• _Task brief_:
All that is needed is an exact copy of the lines from the beginning of the data below through the line containing "Hãy lập bảng", minus the pictures.

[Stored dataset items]
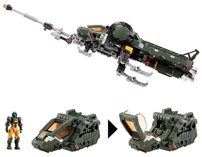 A set of Orbisopter Unit and Bullet Module and Weapon wearing the Space Marine Corps color. Equipped with a missile launch launch in the center of the unit. Armed with a long range blater. One mini action figure Diaclone member Ver.2.0 is included.
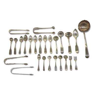 Comprising seventeen coin silver spoons/ladles, five sterling silver spoons, two sterling silver sugar tongs, and two coin silver sugar tongs. (26).
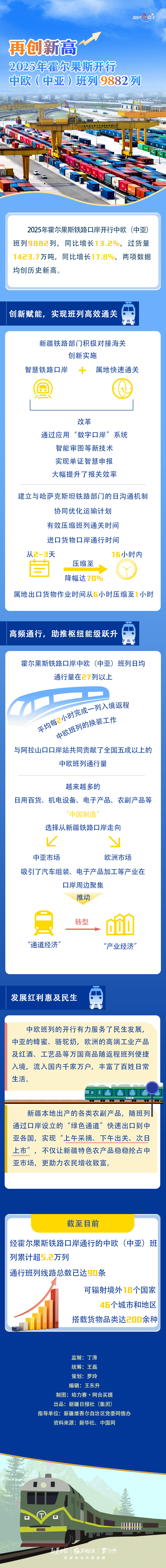 数说“新”变化丨再创新高 2025年霍尔果斯开行中欧(中亚)班列9882列
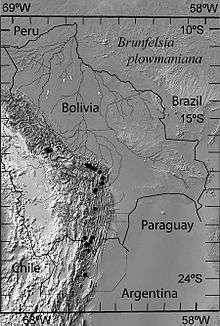 Brunfelsia plowmaniana[1] is a species of flowering plant of the nightshade family that is native to the cloud forests of the Bolivian and Argentinian Andes. It was first described in 2012 on the basis of systematic DNA barcoding of specimens from the genus Brunfelsia. Specimens belonging to the new species had previously been placed in the polymorphic species B. uniflora, which a molecular phylogeny revealed as polyphyletic.
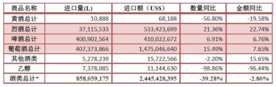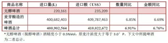1-7月,進口啤酒量額小幅上行,其中,進口量4.0億升,同比增長6.9%,進口額4.1億美元,同比增長6.8%。
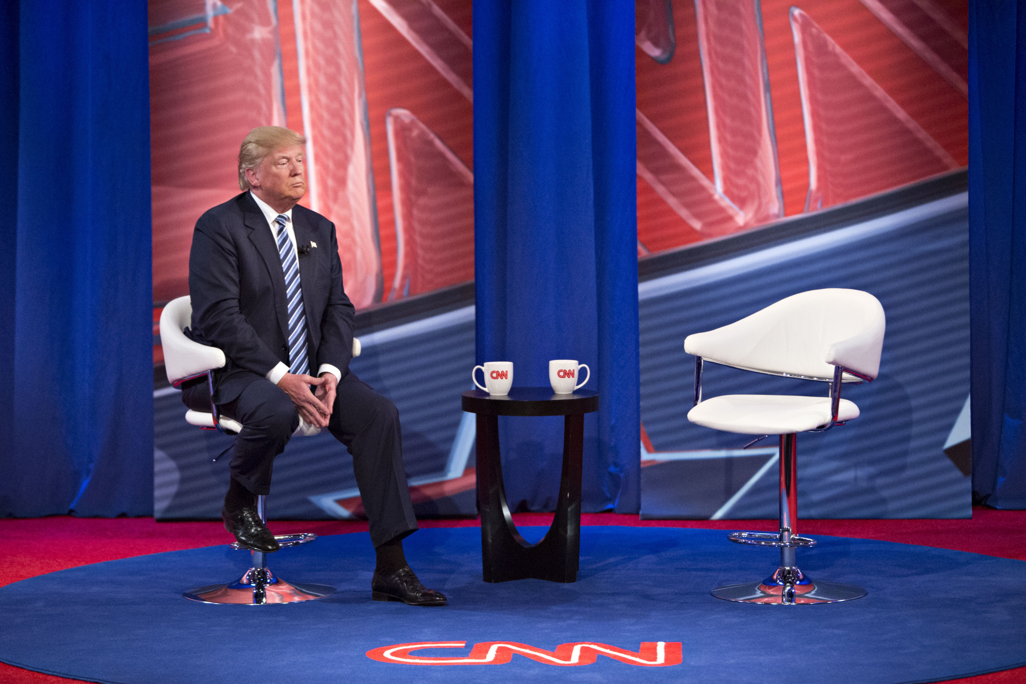 唐纳德·特朗普在2016年CNN市政厅活动中坐在舞台上。来源:民主党人表示,如果特朗普赢得提名,他的法律挑战、独立选民、郊区妇女甚至许多共和党人的不受欢迎将对他们有利。
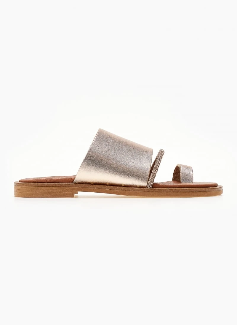 ESTIL δερμάτινα σανδάλια με φαρδιά φάσα. Έχουν λεπτή σειρά strass. Λεπτομέρεια σε μεταλλικό χρώμα περιμετρικά της σόλας. Δερμάτινος πάτος με ενίσχυση. Ελληνικής κατασκευής.
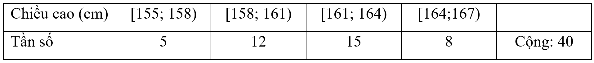 Hãy lập bảng tần số ghép nhóm với các nhóm [155; 158), [158; 161), [161; 164), [164;167).
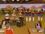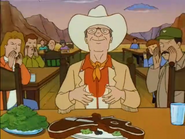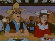 Holloway notices that Hank isn't wearing cowboy boots. Taking the plunge, Hank concocts a story about how he gave up his boots to his uncle after he was killed by a Texas-sized twister. But Holloway still yearns to see his host in a pair of boots. Hank takes Holloway and Bobby to a Western Wear Store Rhinestein's Cowboy, where he purchases a pair of tight-fitting boots and a large cowboy hat. Later, Hank asks Peggy to don a Kilgore Rangerette-type outfit for their dinner engagement with the Holloways. Though greatly displeased, Peggy honors her husband's request. Mrs. Holloway bows out of dinner at the last moment. At The Panhandler Steakhouse, Mr. Holloway orders the 72 ounce steak challange which he quit after one bite, then tells Hank that he and Thatherton are headed out to a strip club. But Hank intercedes, insisting that if anyone is taking Holloway to a "gentleman's club," it will be him.
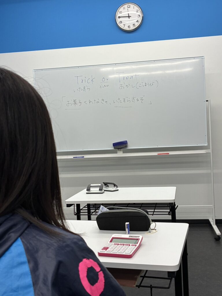 ちなみに学生の中には、意味を知らずに使っている人もいたので、授業の空いた時間に、「トリックオアトリート」の意味を勉強しました📚
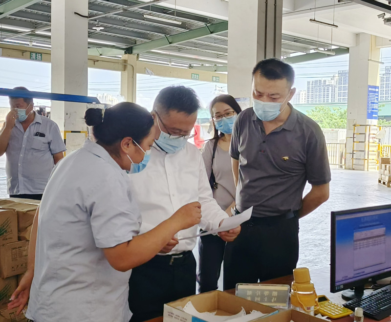 檢查組一行首先來到陳列館、信息中心,全麵了解了市場的建設發展情況,以及市場通過信息化大數據平台,開展科學防疫、精準管控的具體舉措。隨後檢查組又實地參觀了檢測中心、結算中心、蔬菜、水果兩大市場、冷庫和糧油市場,對市場在疫情期間認真履行保供穩價的社會職責、確保食用農產品安全表示肯定。
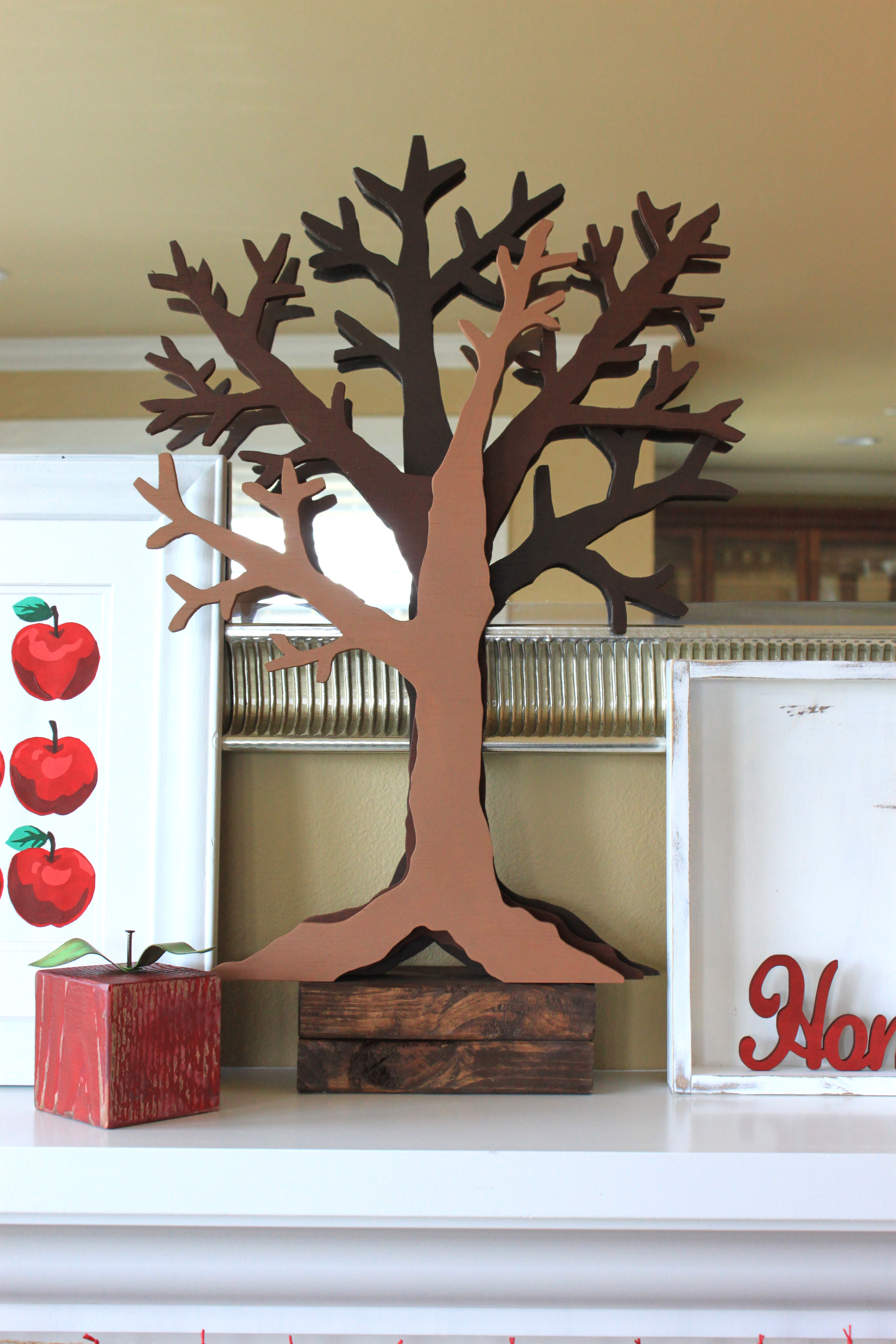 The first thing I decided to make was what I like to call a puzzle tree. I had the idea for the master bedroom and wanted to make a tiny one for the shadowbox over the bookcases, but I still haven’t gotten around to it. I wanted to take multiple pieces of wood and cut just a couple of big branches out of each one, so when you put them all together they make the whole tree with a little bit of 3D added in.
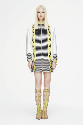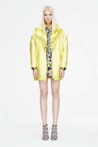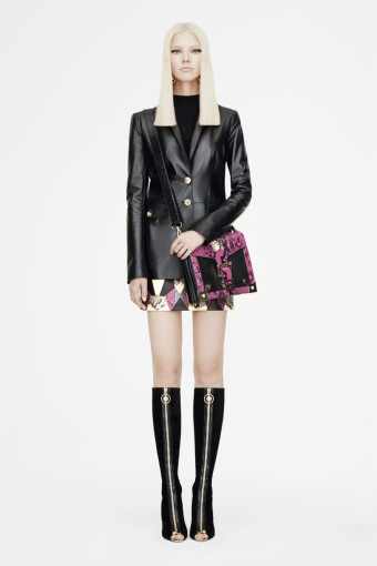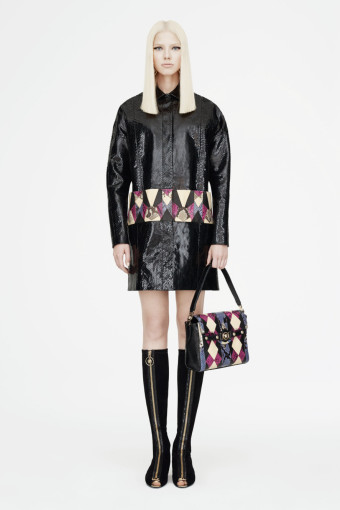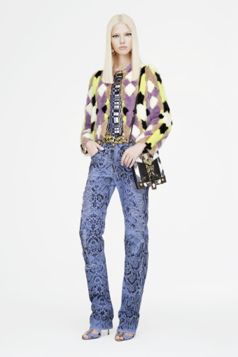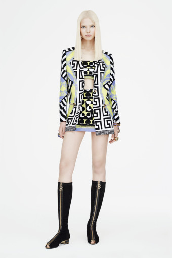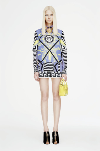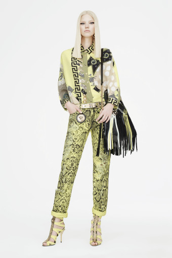 Bộ sưu tập Resort 2015 lần này của Versace lấy cảm hứng từ trang phục thập niên 1960 với những bộ đầm suôn ngắn trên gối cùng nhiều họa hình đa dạng. Nhà thiết kế Donatella Versace đã thêm vào đó những họa tiết đặc trưng mà người anh Gianni Versace đã khởi xướng. Đó là biểu tượng nữ thần đầu rắn Medusa trên logo Versace và các hoa văn Hy Lạp cổ khác. Trong khi đó, họa tiết chấm bi và hình ảnh các lá cờ xen lẫn vào nhau cũng tạo nên những hình in đặc sắc. Ngoài ra, quần mang họa tiết da trăn hay váy ngắn motif hình học nhiều màu sắc cũng góp thêm sự phong phú cho bộ sưu tập.

• _Response for this exercise_:
 A set of Orbisopter Unit and Bullet Module and Weapon wearing the Space Marine Corps color. Equipped with a missile launch launch in the center of the unit. Armed with a long range blater. One mini action figure Diaclone member Ver.2.0 is included.
 Comprising seventeen coin silver spoons/ladles, five sterling silver spoons, two sterling silver sugar tongs, and two coin silver sugar tongs. (26).
 数说“新”变化丨再创新高 2025年霍尔果斯开行中欧(中亚)班列9882列
 Brunfelsia plowmaniana[1] is a species of flowering plant of the nightshade family that is native to the cloud forests of the Bolivian and Argentinian Andes. It was first described in 2012 on the basis of systematic DNA barcoding of specimens from the genus Brunfelsia. Specimens belonging to the new species had previously been placed in the polymorphic species B. uniflora, which a molecular phylogeny revealed as polyphyletic.
1-7月,進口啤酒量額小幅上行,其中,進口量4.0億升,同比增長6.9%,進口額4.1億美元,同比增長6.8%。
 唐纳德·特朗普在2016年CNN市政厅活动中坐在舞台上。来源:民主党人表示,如果特朗普赢得提名,他的法律挑战、独立选民、郊区妇女甚至许多共和党人的不受欢迎将对他们有利。
 ESTIL δερμάτινα σανδάλια με φαρδιά φάσα. Έχουν λεπτή σειρά strass. Λεπτομέρεια σε μεταλλικό χρώμα περιμετρικά της σόλας. Δερμάτινος πάτος με ενίσχυση. Ελληνικής κατασκευής.
 Hãy lập bảng tần số ghép nhóm với các nhóm [155; 158), [158; 161), [161; 164), [164;167).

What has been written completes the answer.